Montreal Gazette

Estate only gets half of a joint bank account

Also, questions on avoiding capital gains and income splitting when one spouse works

- PAUL DELEAN Personal Finance The Montreal Gazette invites reader questions on tax, investment and personal finance matters. Send queries by email to Paul Delean at gazpersona­lfinance@hotmail.com

Ownership of joint bank accounts and the tax consequenc­es of property transfers were among the topics raised in recent reader letters. Here's what they wanted to know.

Q “In my father's will, his wishes were to divide his assets equally between my sister and me. The assets were my parents' home and money in his bank accounts. Unfortunat­ely, one of the bank accounts was a joint account with my sister, which meant that on paper I can only receive a quarter of it. Is this how it gets divided or can I actually get half of the money in that account? The will clearly stated that the assets should be divided equally.”

A “Joint accounts are one of the most misused types of accounts in the financial industry. People open them often without knowing their legal and tax ramificati­ons,” said François Bernier, a notary and director of tax and estate planning for Sun Life Global Investment­s in Montreal. In this case, when the father opened a joint account with the daughter, he effectivel­y gave her half of the money held in the account. “So, unless you can show that your father's intention was not to give her the money, but to loan her the money, or only to allow her to transact in this account on his behalf, that share of the joint account will not be part of your father's estate and will belong to your sister,” Bernier said.

Q “Because I owed my daughter money, I legally gave her the West Island bungalow we both lived in a few years ago. She is now married, with a house of her own, and I pay her monthly rent to remain in the original house. Would it make sense to reacquire the house from her, so no capital gains will be owed when I pass away and I can apply for the tax credit on Schedule J (Revenue Quebec's Tax Credit for Home-support Services for Seniors)?”

A Not much would be gained from a transactio­n like this. Your daughter would still have capital-gains exposure for the years in which she owned two properties, and would owe that money the year the property transferre­d back to you (at fair market value, in the taxman's eyes, which could be significan­tly higher, given recent market strength). As a renter, you're already eligible for the Home-support Services credit on a portion of your rent and other eligible costs such as yard work and snow removal, provided you are at least 70 years old.

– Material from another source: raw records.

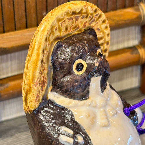 小さいながらも存在感のある信楽焼のたぬき飾り。
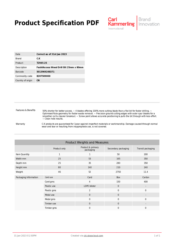 T2945-25 Wiertło spiralne do drewna C.K T2945-25 1 szt.
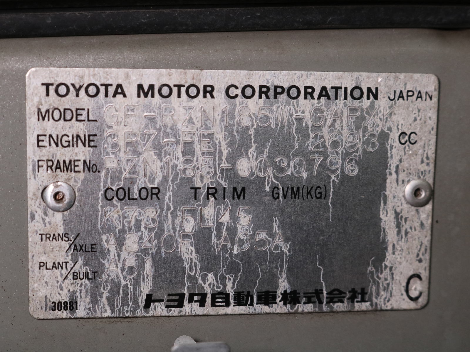 104,623 kilometers Introduced in 1984, the first generation Toyota Hilux Surf was designed and built on the frame of the two door Hilux pickup truck by removing the rear wall and then mounting a canopy on the bed. This was the first step in transitioning to a more family friendly, multi-use vehicle and, with comfort and safety at the forefront, future generations were manufactured with a more sophisticated steel wagon body. The third generation, as represented here, brought with it a renewed chassis including a larger wheelbase and treads to further improve stability and ride comfort. The previously available two-door option was discontinued, and the Hilux Surf was sold exclusively as a four-door vehicle with a top-hinged tailgate. In Japan, the third generation model was offered with three different choices of engine: Options included the gasoline powered 3.4 Liter V6 and 2.7 Liter I4, or a diesel powered 3.0 Liter I4. All units were powered by a part-time 4-wheel drive and utilized either a 4-speed automatic transmission, or a 5-speed manual transmission, depending on the trim level. Production continued into the year 2009, where the Toyota Hilux Surf’s 25 year run came to a close. Third party pre-purchase inspections are welcomed and encouraged. All vehicles sold by Duncan come with a clean U.S. title.
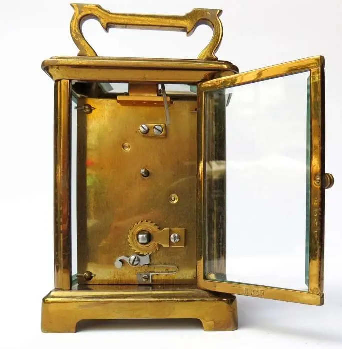 mechanizm niesygnowany, emaliowana biała tarcza z cyframi rzymskimi, obudowa mosiądz złocony, ścianki i daszek wypełnione fazowanymi szybkami, pałąk na zawiasach, na drzwiczkach wybity numer B 347, wym. 14 x 8 x 6,5 cm. Stan zachowania: brak kluczyka.
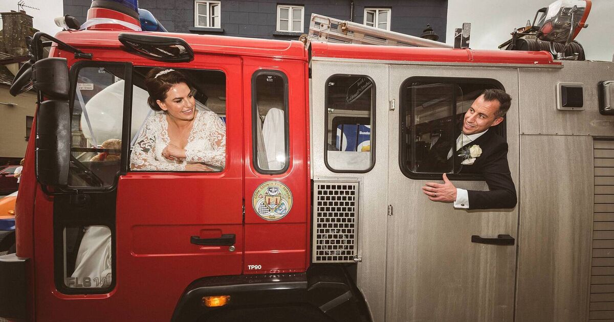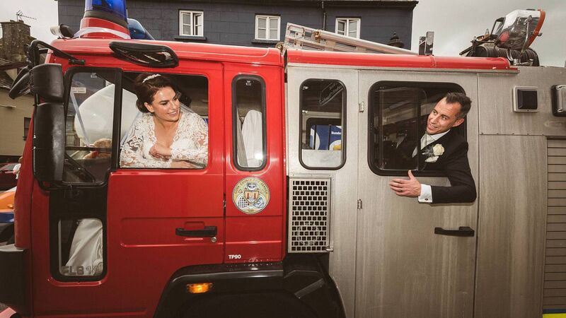 TRAVELLING IN STYLE: Siobhan Heffernan and John O'Regan on their wedding day. Transport was supplied by retired firefighter Ger Buckley, who served in Bandon fire station. Pictures: dermotsullivan.com
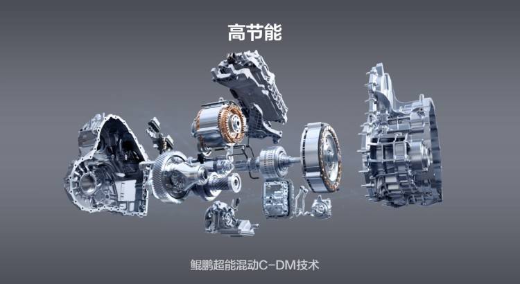 動力方面,這臺車也搭載的奇瑞汽車專門為混動車開發的第五代1.5TGDI發動機,代號H4J15,最大功率115kW,最大扭矩220Nm,熱效率44.5%,比同行大多數混動專用的自吸發動機還高。不過在電驅單元,該車并沒有使用奇瑞的鯤鵬超能混動系統,而是常州坤泰開發的兩擋DHT方案(KTH230),其雙電機采用雙軸P2+P3構型,發動機輸出端比上面的風云T9多了兩個物理擋位調節。
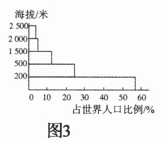 地区。(3)读图 3 可知,世界人口主要分布在
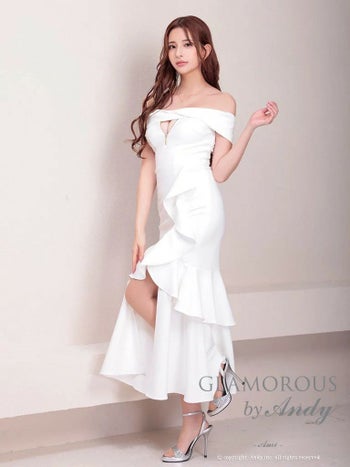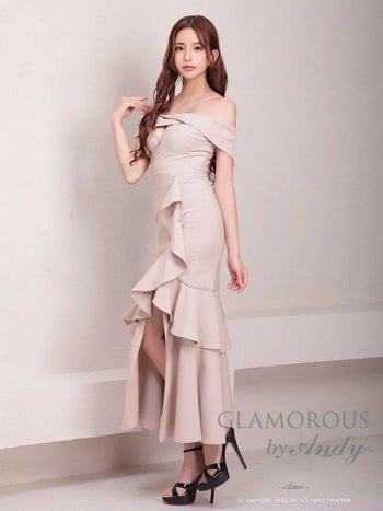 キャバドレス ロングドレス GLAMOROUS グラマラス ジップデザイン アシンメトリー マーメイド スリット フリル ワンカラー オフショルダー 半袖 マーメイドロングドレス
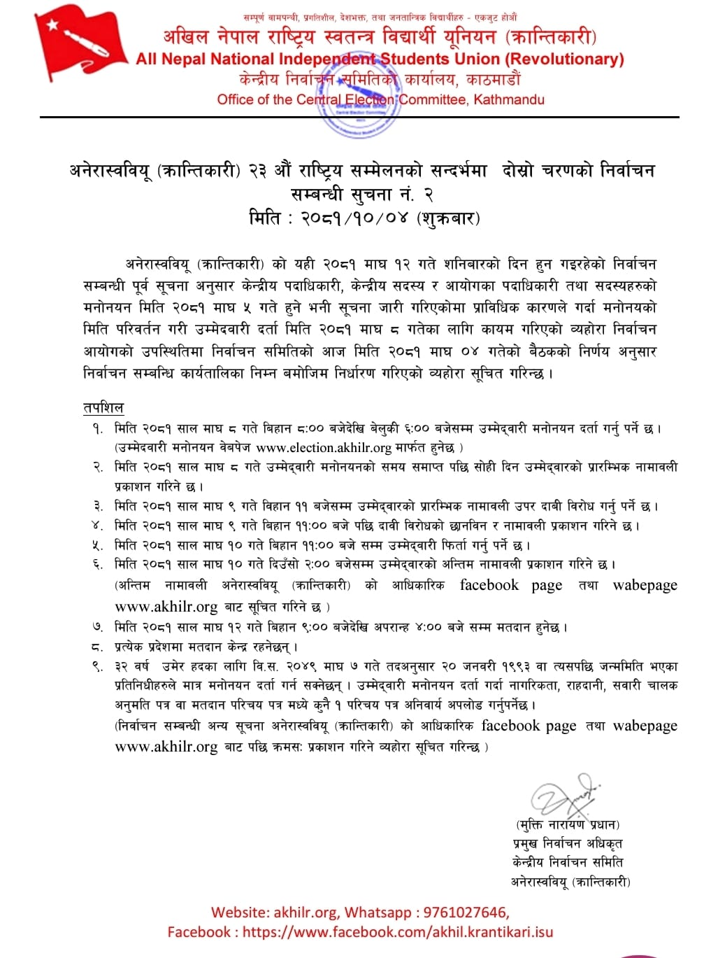 प्रमुख निर्वाचन अधिकृत मुक्ति नारायण प्रधानले एक सूचना जारी गर्दै केन्द्रीय पदाधिकारी, केन्द्रीय सदस्य र आयोगका पदाधिकारी तथा सदस्यहरुको मनोनयन माघ ५ गते हुने भनी सूचना जारी गरिएकोमा प्राविधिक कारणले गर्दा मनोनयको मिति परिवर्तन गरी माघ ८ गते कायम गरिएको जानकारी दिएका छन् ।
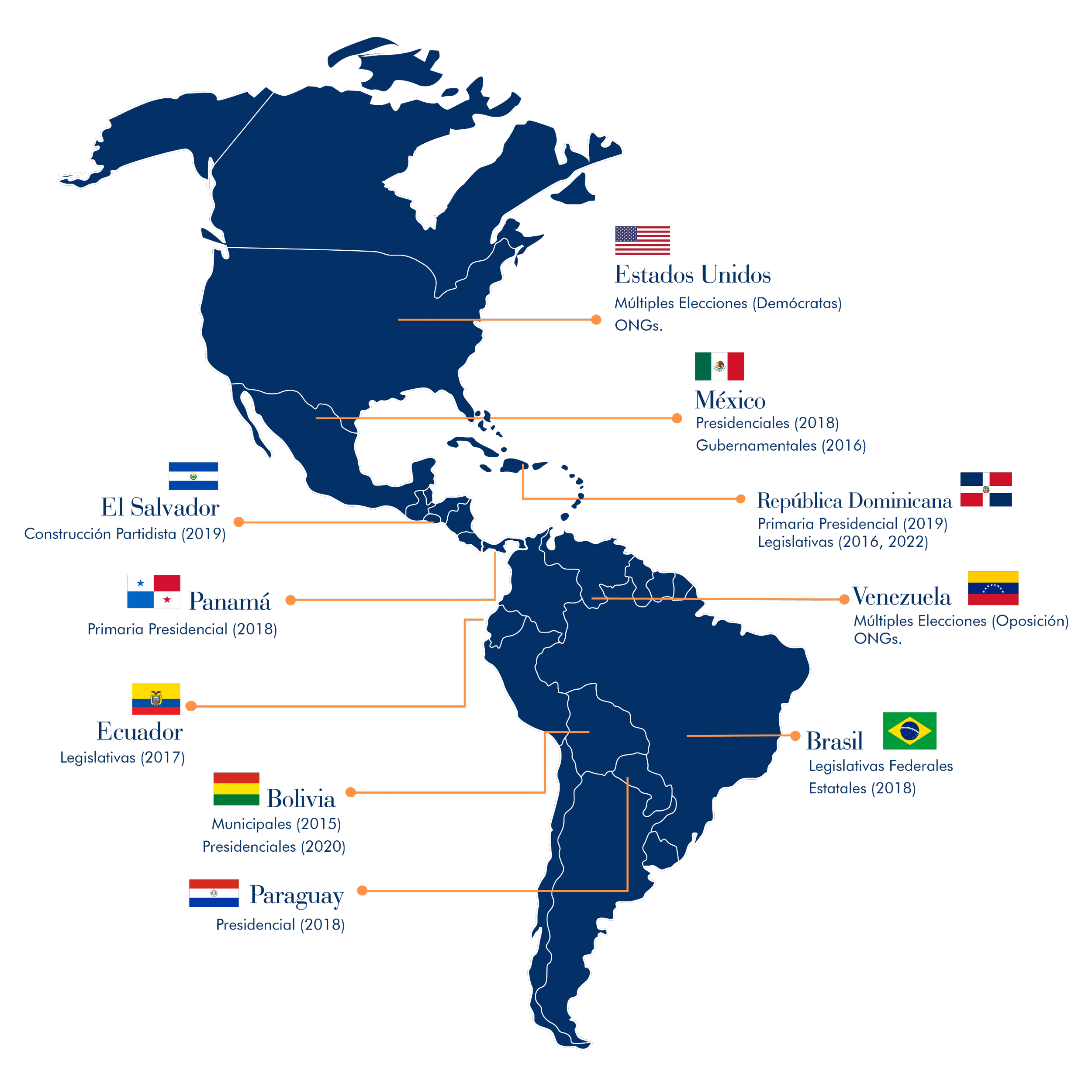 Tenemos experiencia en toda América Latina y en todos los niveles electorales, incluyendo elecciones presidenciales, gubernamentales, municipales, legislativas y contiendas internas.

Q “I have questions about income splitting. If both spouses are over 65, but one contin- ues to work and has a higher income, and the other receives a small pension, can the total income be split? Or is income splitting only applicable to types of pension income?”

A Nowadays, it's limited to certain types of pension income. There was a brief period at the end of the Stephen Harper years when families with children under 18 could shift up to $50,000 of employment income between spouses, but the Liberals axed that. Current rules allow up to 50 per cent of qualifying pension income (pension plan, annuity and Registered Retirement Income Fund payments among them) to be shifted from one spouse to another on the income-tax returns, but both parties have to be on board. With few exceptions, the transferri­ng spouse also must be 65 or older. Quebec Pension Plan payouts can be shared, but it has to be done in a separate applicatio­n, not at tax time, with the sharing percentage determined in part by the period of cohabitati­on. Both spouses, in this case, need to be 60 or older. Old Age Security payments are not divisible.

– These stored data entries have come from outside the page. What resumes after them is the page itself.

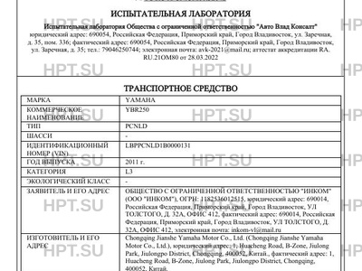 | Предприятие-изготовитель | Chongqing Jianshe Yamaha Motor Co., Ltd. (Chongqing Jianshe Yamaha Motor Co., Ltd.), юридический адрес: 1, Huacheng Road, B-Zone, Jiulong Park, Jiulongpo District, Chongqing, 400052, Китай., фактический адрес: 1, Huacheng Road, B-Zone, Jiulong Park, Jiulongpo District, Chongqing, 400052, Китай. |
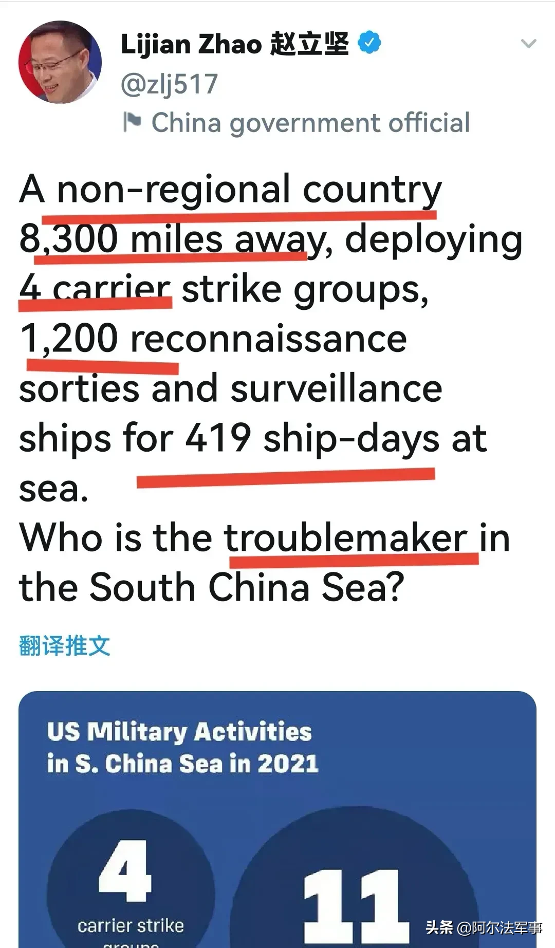 赵立坚还是那么有战斗力,又抛出一组数字,对美国进行“去谎言化打击”。他在推文中列举事实真相:一个8000英里之外的国家,在2021一年中,硬是在中国南海部署过4艘航母打击群,1200架次侦察机,419次间谍船。美国一天到晚嚷嚷中国威胁,拿出来的却是一个个经过剪切和编辑的事例,试图以局部代替整体。赵立坚则通过对事实全貌的数字化处理,让大家一眼便可以看清到底谁才是麻烦制造者。
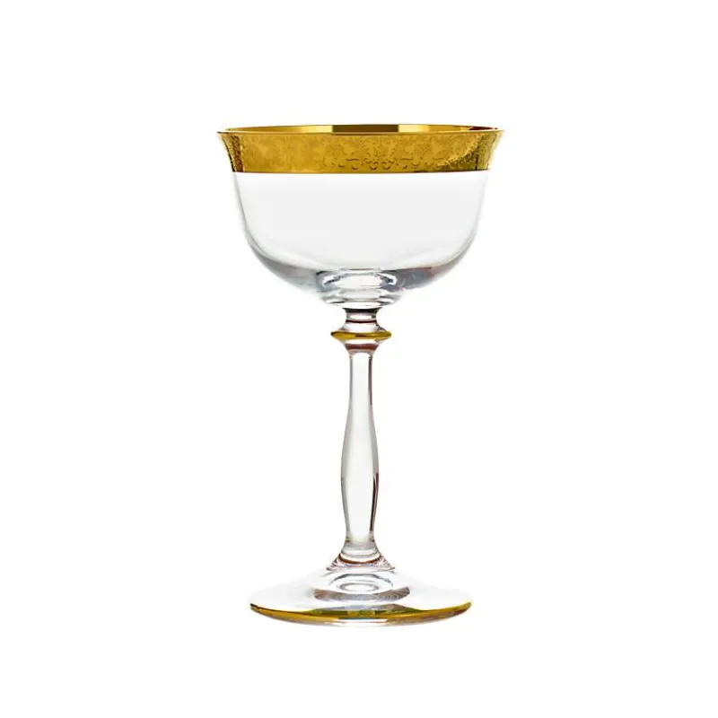 Das perfekte Geschenk für jeden Anlass. Golden Age vereint zeitlose moderne mit elegantem Design und fasziniert durch seine feinen Formen, des dünnen Kristallglases. Die Kollektion besteht aus diversen Gläser sowie Karaffen, Schalen, Glocken und Vasen. In aufwendiger Handarbeit werden die mundgeblasen Produkte der Kollektion zu Unikaten gefertigt. Mit einer speziellen Technik wird das 24 karätige Gold auf das Produkt aufgetragen. Die Blumenornamente im Goldrand und die Brillanz des Glases macht die Kollektion zu etwas einzigartigem und lässt Ihr zu Hause in neuem Glanz erstrahlen. Ihre Gäste werden Beeindruckt sein.

Q “In 2019, we sold a house that was under my wife's name only. We now live in a rental unit. In February, we sold a condo under my name only, which had been occupied (rent-free) by my daughter. Can I claim the sold condo as my primary residence?”

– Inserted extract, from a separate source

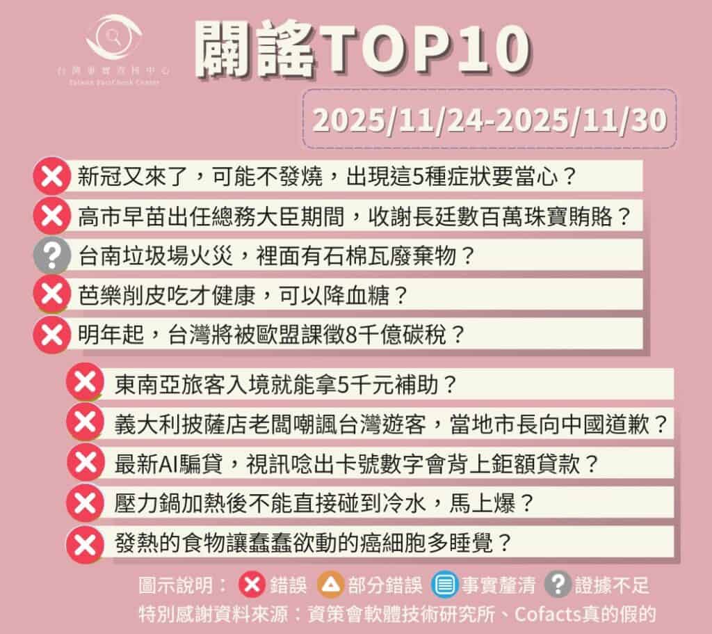 政治與政策 桃園蘆竹工廠火災遭網路誤傳為演習砲擊 發佈日期: 2025-12-04 健康 查無網傳「老人吃甜食更健康」研究,醫學證實吃糖弊大於利 國際 網傳影片為2024年日本歌手城南海演出畫面,不是高市早苗 桃園蘆竹工廠火災遭網路誤傳為演習砲擊發佈日期: 2025-12-04查無網傳「老人吃甜食更健康」研究,醫學證實吃糖弊大於利發佈日期: 2025-12-04網傳影片為2024年日本歌手城南海演出畫面,不是高市早苗發佈日期: 2025-12-05 更多查核報告 編輯推薦 每週謠言TOP10【2025/11/24-2025/11/30】闢謠TOP10發佈日期: 2025-12-01研究與動態X平台揭露帳號位置新功能 定位可能不準惹議發佈日期: 2025-12-05議題觀察室從數字到戰力:國防預算突破GDP 3%的意義與未竟挑戰發佈日期: 2025-11-18Podcast節目陳瑞杰:災難戰爭時,最大原則是「先顧好自己」發佈日期: 2025-11-24 每週謠言TOP10【2025/11/24-2025/11/30】闢謠TOP10發佈日期: 2025-12-01 研究與動態X平台揭露帳號位置新功能 定位可能不準惹議議題觀察室從數字到戰力:國防預算突破GDP 3%的意義與未竟挑戰Podcast節目陳瑞杰:災難戰爭時,最大原則是「先顧好自己」 重點專區 1231231231231231231231231231231231231231231 3211231231231123123123123123123123231231231231231 最新消息及公告 公告與新聞稿再獲國際認證 查核中心以多元創新對抗資訊挑戰公告與新聞稿深入拆解跨國詐騙產業鏈 查核中心獲消費者權益報導獎優勝公告與新聞稿以查核專業投入詐騙防治:台灣事實查核中心參與數發部網路詐騙通報網公告與新聞稿網路謠言影響疫苗接種意願 查核中心攜手3大醫學會破除假訊息公告與新聞稿台灣事實查核中心如何與Meta合作?常見問題一次答公告與新聞稿台灣事實查核組織結盟 聯手對抗緊急事件下的資訊亂流 最新消息及公告 公告與新聞稿再獲國際認證 查核中心以多元創新對抗資訊挑戰發佈日期: 2025-11-13公告與新聞稿深入拆解跨國詐騙產業鏈 查核中心獲消費者權益報導獎優勝發佈日期: 2025-11-19公告與新聞稿以查核專業投入詐騙防治:台灣事實查核中心參與數發部網路詐騙通報網發佈日期: 2025-11-12公告與新聞稿網路謠言影響疫苗接種意願 查核中心攜手3大醫學會破除假訊息發佈日期: 2025-09-10公告與新聞稿台灣事實查核中心如何與Meta合作?常見問題一次答發佈日期: 2025-01-20公告與新聞稿台灣事實查核組織結盟 聯手對抗緊急事件下的資訊亂流發佈日期: 2025-05-28 熱門文章 「方陣快砲」上公路? AI迷因圖變身網路謠言 1.25兆國防特別預算為台美軍售建案,計畫分8年執行。條例草案尚未進入實質審查 日首相高市早苗在國會表示日本理解並尊重中國立場,並非承認「台灣屬中」說法 網傳「台南垃圾場火災有石棉瓦」是缺乏證據的說法 網傳「謝長廷以珠寶賄賂高市高苗」源於不可信的海外匿名論壇 芭樂營養素有助延緩醣類吸收 帶皮吃可以攝取更多營養 訂閱TFC電子報 * 必填欄位/Required 你的電子郵件/ Your Email * 我們怎麼稱呼你/ Your name 選擇你想訂閱的電子報/ Sign up to 中文雙週報/ Biweekly Newsletter (in Chinese) TFC Disinfo Detector (in English)

A You could, but only for the years you did not claim the principal-residence exemption on the house sold in 2019. Family units can only have one property eligible for the principal-residence exemption at any one time, regardless of whose name is on the deed. Your daughter's occupancy of the condo you owned made it eligible for the exemption even though you weren't living there. So it qualified for 2020 and 2021. For 2019, it depends on whether you designated the house for the exemption that year.